Current reader scope:
- regular and compact journal files;
- `.journal`, `.journal~`, `.journal.zst`, and `.journal~.zst` files;
- zstd-compressed fixture files;
- zstd, lz4, and xz-compressed DATA objects through pure-Rust dependencies;
- directory reading across active and archived files with bounded recursive
traversal, symlink-cycle protection, and interleaved multi-file ordering,
including mixed regular/compact, compressed/uncompressed,
sealed/unsealed, and whole-file `.journal.zst` files in one directory;
- forward/backward iteration, cursors, realtime and monotonic timestamps,
seqnum metadata, field enumeration, binary field values, repeated field
values, stateful current-entry data enumeration, unique value enumeration,
and export/json/text formatting;
- byte-preserving RAW field-name access through `Entry::raw_fields()`,
`Entry::get_raw()`, and `Entry::get_raw_values()`;
`Entry.fields` and `Entry.field_values` are UTF-8 string-keyed convenience
maps and do not synthesize lossy names for non-UTF8 RAW field names;
- export byte output preserves non-UTF8 RAW field names; JSON output, field
enumeration, unique queries, and `get_data` facade helpers remain UTF-8
field-name surfaces;
- libsystemd-compatible facade functions for open file/directory/files, close,
seek head/tail/realtime/cursor, next/previous/skip, match groups,
current-entry data enumeration, field enumeration, unique value enumeration,
realtime/monotonic/seqnum/cursor metadata, and boot listing;
- facade cursor seeking follows libsystemd semantics: valid missing cursors are
accepted as seek locations, while `test_cursor` checks exact current position;
- current-entry facade data enumeration returns borrowed `FIELD=value` bytes
for the current DATA object, matching libsystemd-style validity until the
current row is reset or the reader advances; uncompressed DATA is returned
directly from the mmap-backed journal payload, while compressed DATA is copied
into row-owned stable storage so later compressed DATA reads cannot invalidate
earlier pointers from the same row;
- direct facade unique queries return language-native `(field, value)` pairs;
stateful unique enumeration returns full binary-safe `FIELD=value` payloads;
- `FileReader::visit_unique_values()` and
`DirectoryReader::visit_unique_values()` stream indexed unique values without
first materializing the full result set;
- `FileReader::explore()` provides an optimized single-file query surface for
log-explorer workloads: exact indexed filters, selected facet counters,
optional histogram, optional FTS, optional returned rows, and query counters.
It lazily classifies reusable DATA objects by DATA offset during candidate-row
traversal, groups facets that share the same effective filter set into one
traversal pass, and expands all fields only for returned rows.

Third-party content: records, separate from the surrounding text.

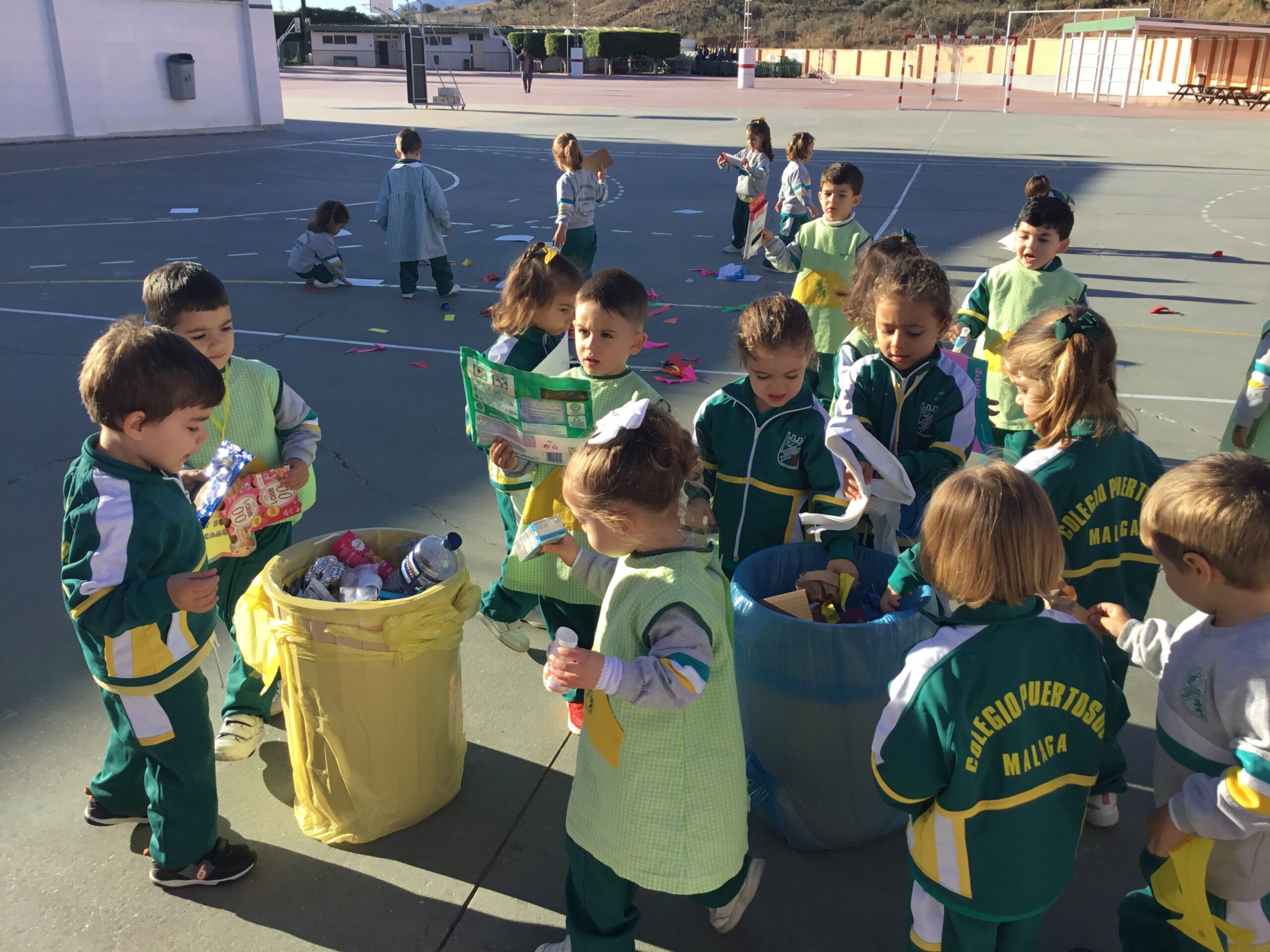 reciclando los envoltorios, envases y papeles de nuestros desayunos y meriendas.
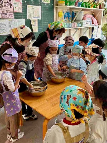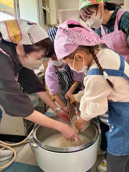 今回は幼稚園で収穫した『銀嶺米』と、市販の『無洗米』を使用するため、「冷たいお水でさっと洗うと美味しく炊ける」無洗米の特性を伝えながら手伝ってもらいました
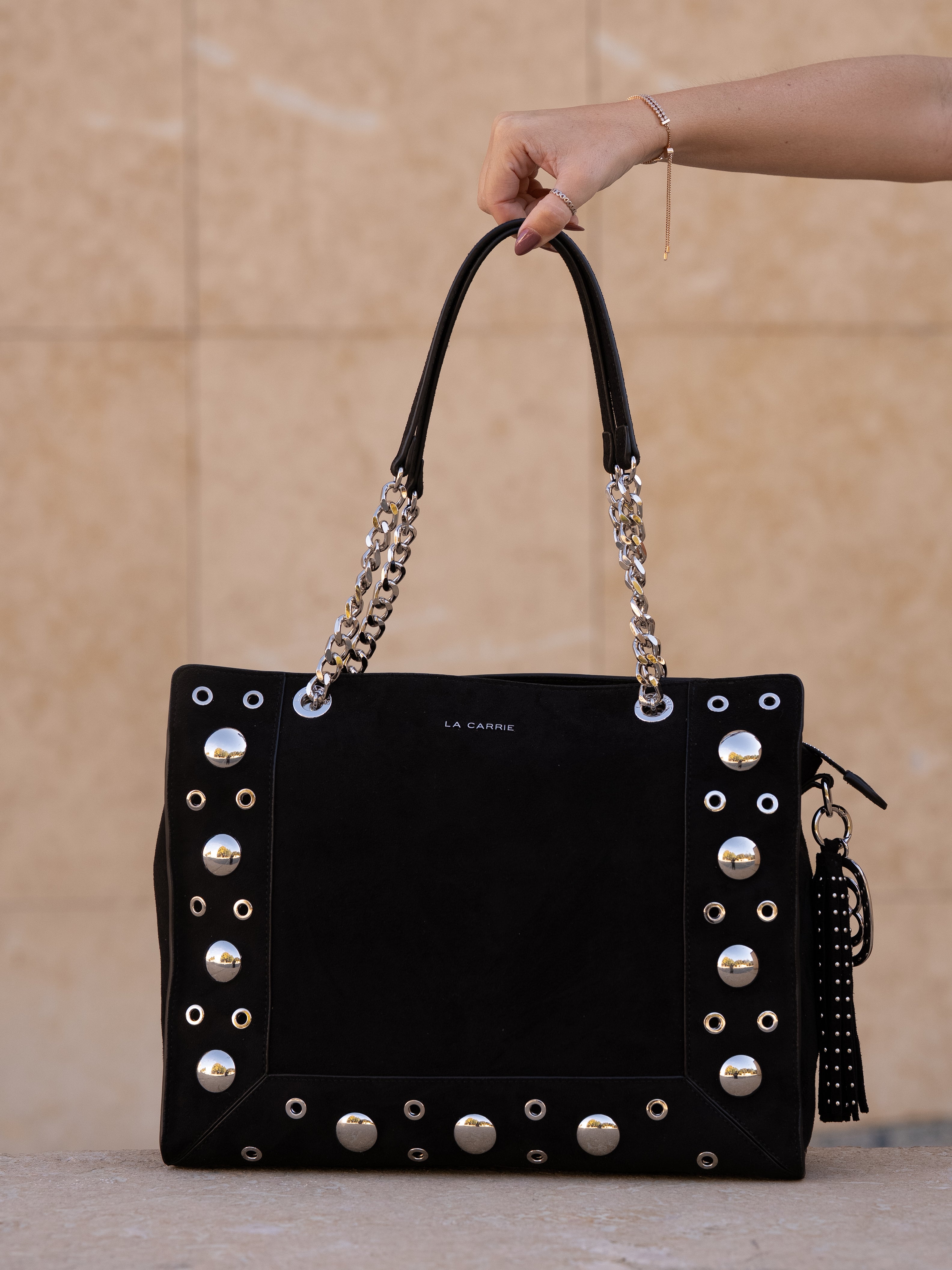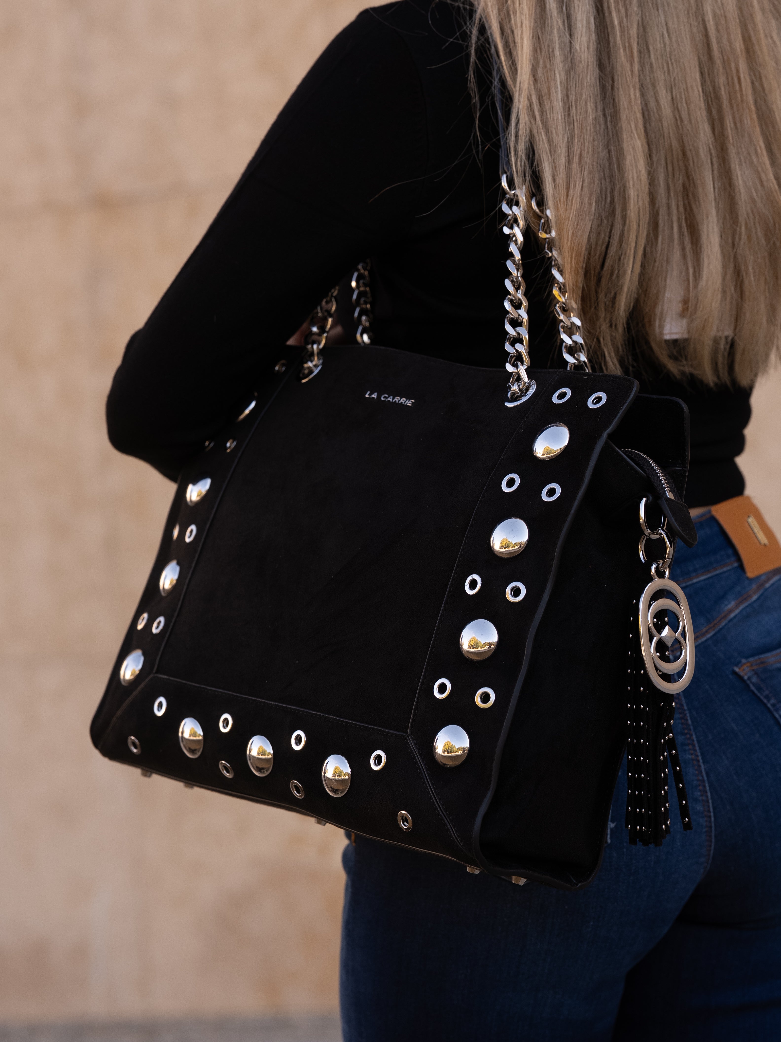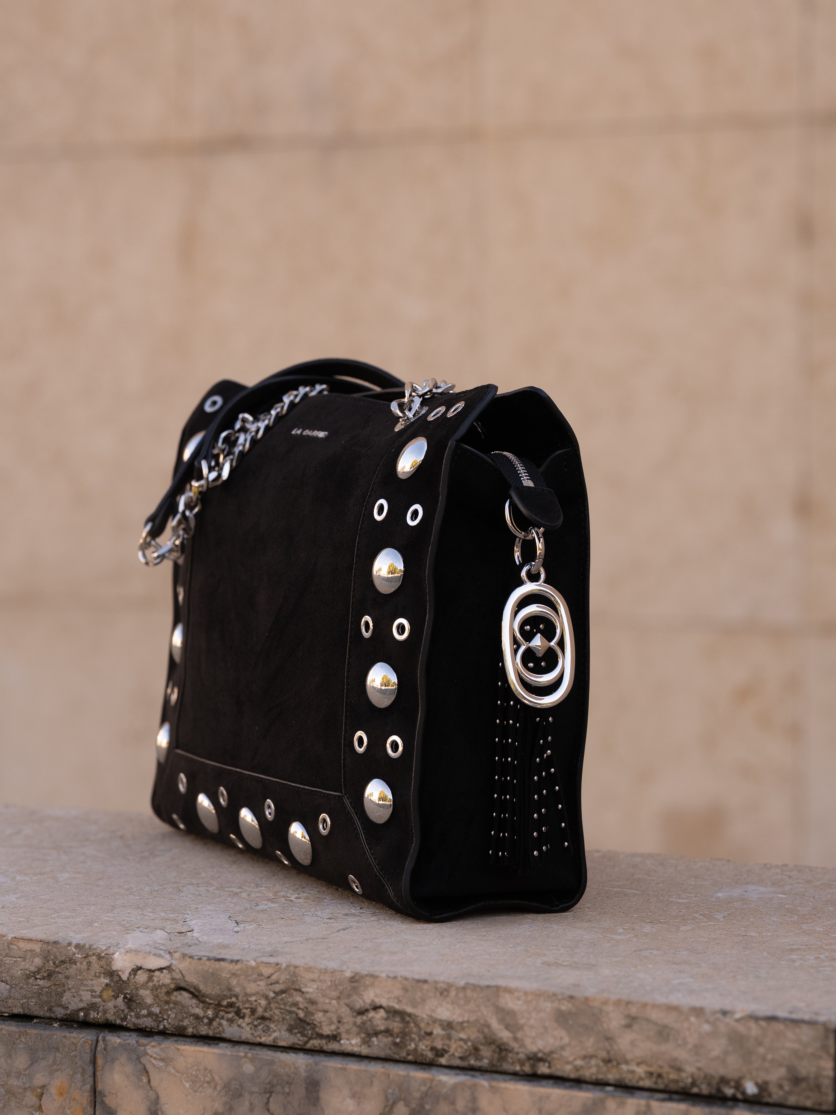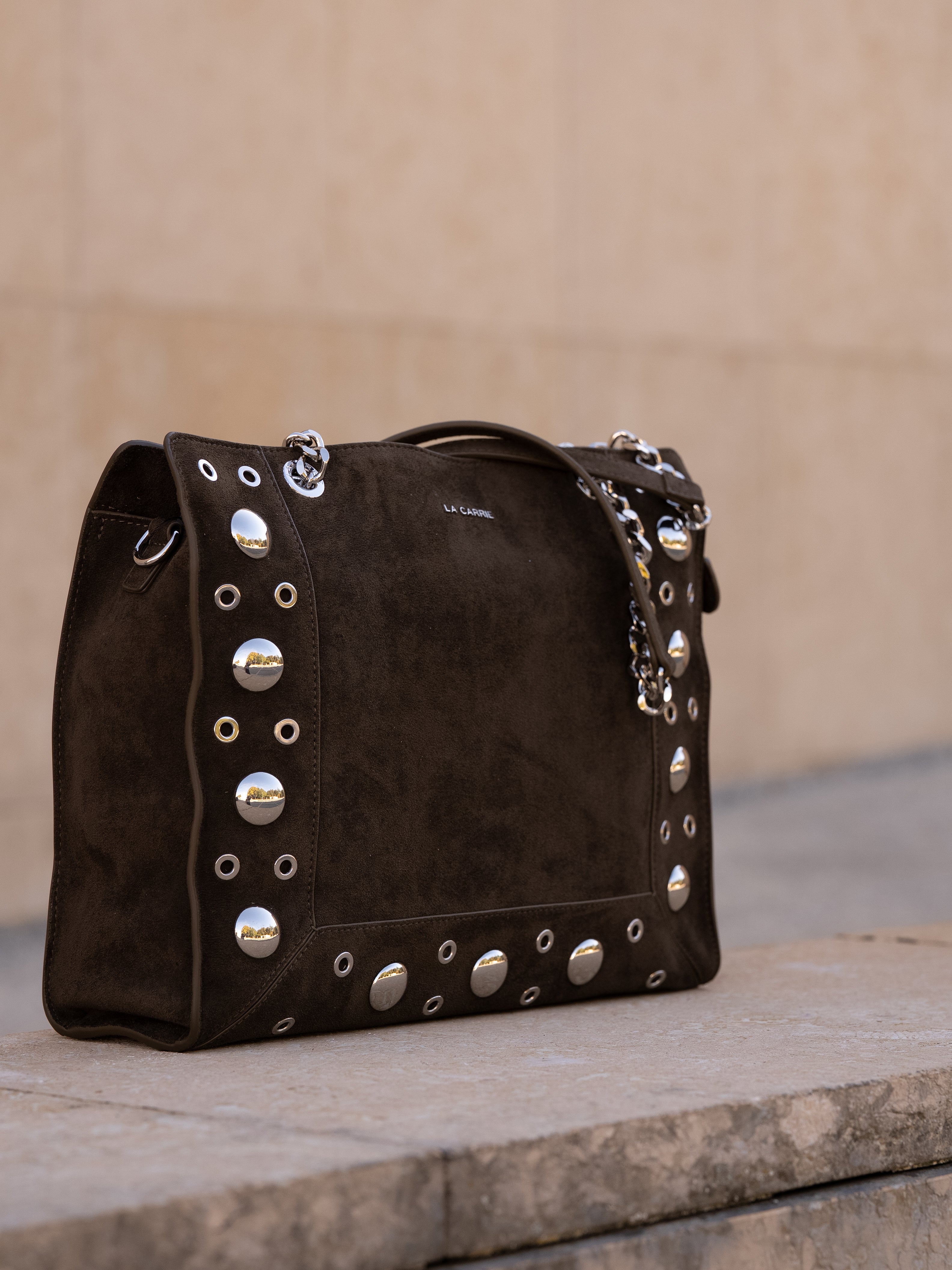 Suede shopping bag with eyelets and silver studs, double chain handles and removable shoulder strap

`ExplorerAnchor::Auto` is the default: forward queries start from the lower
time bound or file head, while backward queries start from the upper time
bound or file tail. `ExplorerFieldMode::FirstValue` is the default explorer
accounting mode: one selected facet/histogram/source field contributes at
most one value per row, so traversal may stop after all required fields are
found. `ExplorerFieldMode::AllValues` is available when a caller needs exact
duplicate-value accounting and accepts the slower full-row scan. `explore()`
owns the reader position and replaces the reader match state while it runs;
callers should explicitly seek and reapply any manual matches before
continuing normal iteration after an explorer query;
- `FileReader::explore_with_strategy()` exposes explicit strategy selection.

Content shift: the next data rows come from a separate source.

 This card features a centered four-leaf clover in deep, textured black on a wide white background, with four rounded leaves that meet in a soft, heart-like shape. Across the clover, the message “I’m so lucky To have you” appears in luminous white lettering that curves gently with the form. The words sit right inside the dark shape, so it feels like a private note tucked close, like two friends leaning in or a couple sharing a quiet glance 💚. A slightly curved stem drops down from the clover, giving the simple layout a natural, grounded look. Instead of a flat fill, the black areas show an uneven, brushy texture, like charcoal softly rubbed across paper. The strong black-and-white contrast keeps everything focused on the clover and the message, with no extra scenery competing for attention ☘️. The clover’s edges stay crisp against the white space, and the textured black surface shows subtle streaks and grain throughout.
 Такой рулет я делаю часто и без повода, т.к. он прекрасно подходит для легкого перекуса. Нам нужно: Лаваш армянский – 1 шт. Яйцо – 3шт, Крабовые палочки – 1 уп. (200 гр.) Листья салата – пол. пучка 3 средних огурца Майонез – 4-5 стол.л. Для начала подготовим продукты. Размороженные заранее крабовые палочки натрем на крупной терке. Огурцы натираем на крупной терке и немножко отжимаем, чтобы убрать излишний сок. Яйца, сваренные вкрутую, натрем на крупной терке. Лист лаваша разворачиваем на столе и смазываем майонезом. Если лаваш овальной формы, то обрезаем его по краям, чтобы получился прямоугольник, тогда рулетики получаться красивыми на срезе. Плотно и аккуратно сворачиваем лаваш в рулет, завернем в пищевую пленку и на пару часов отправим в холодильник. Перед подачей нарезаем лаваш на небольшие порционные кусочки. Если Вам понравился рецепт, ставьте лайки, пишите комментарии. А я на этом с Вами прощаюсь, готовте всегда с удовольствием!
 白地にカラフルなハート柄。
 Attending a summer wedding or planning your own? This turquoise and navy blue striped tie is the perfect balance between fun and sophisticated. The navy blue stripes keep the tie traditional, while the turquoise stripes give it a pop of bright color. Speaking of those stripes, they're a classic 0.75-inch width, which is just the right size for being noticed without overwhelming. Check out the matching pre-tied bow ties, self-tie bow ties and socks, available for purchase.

`ExplorerStrategy::Traversal` is the default behavior used by `explore()`.
`ExplorerStrategy::Index` derives all-values facet and histogram counts from
FIELD/DATA indexes and DATA entry posting lists. It rejects default
first-value semantics, FTS, and source-realtime-bounded queries instead of
returning approximate results. `ExplorerStrategy::Compare` runs traversal and
index, fails if their logical outputs differ, and returns timing/counter
diagnostics in `ExplorerResult::comparison`. There is no automatic planner
because index aggregation is faster only for some query shapes;
- `journal::netdata` provides the Netdata-specific Rust function boundary over
the explorer. It is the SDK API intended to replace Netdata's generic
`systemd-journal.plugin` logs function. `NetdataJournalFunction::systemd_journal()`
runs a `systemd-journal` request JSON against a journal directory and returns
Netdata-shaped function JSON. This layer owns Netdata request parsing,
default facets, default display columns, histogram defaults, field
presentation transforms, row options, and zero-count vocabulary padding for
filtered requests. The default profile keeps UID/GID values as raw journal
data and does not resolve host user or group names. The separate
`NetdataJournalFunction::systemd_journal_plugin_compatible()` constructor
opts into host user/group name presentation to emulate Netdata's installed
plugin, with per-query UID/GID display caching so repeated values do not
repeatedly call host name-service lookups. This layer is intentionally
separate from the core journal file-format reader. Consumers that need
Netdata function control can use
`run_directory_request_json_with_options()` or
`run_directory_request_bytes_with_options()` with
`NetdataFunctionRunOptions` to supply a timeout, progress callback,
cancellation callback, and optional caller-owned `NetdataFunctionState`.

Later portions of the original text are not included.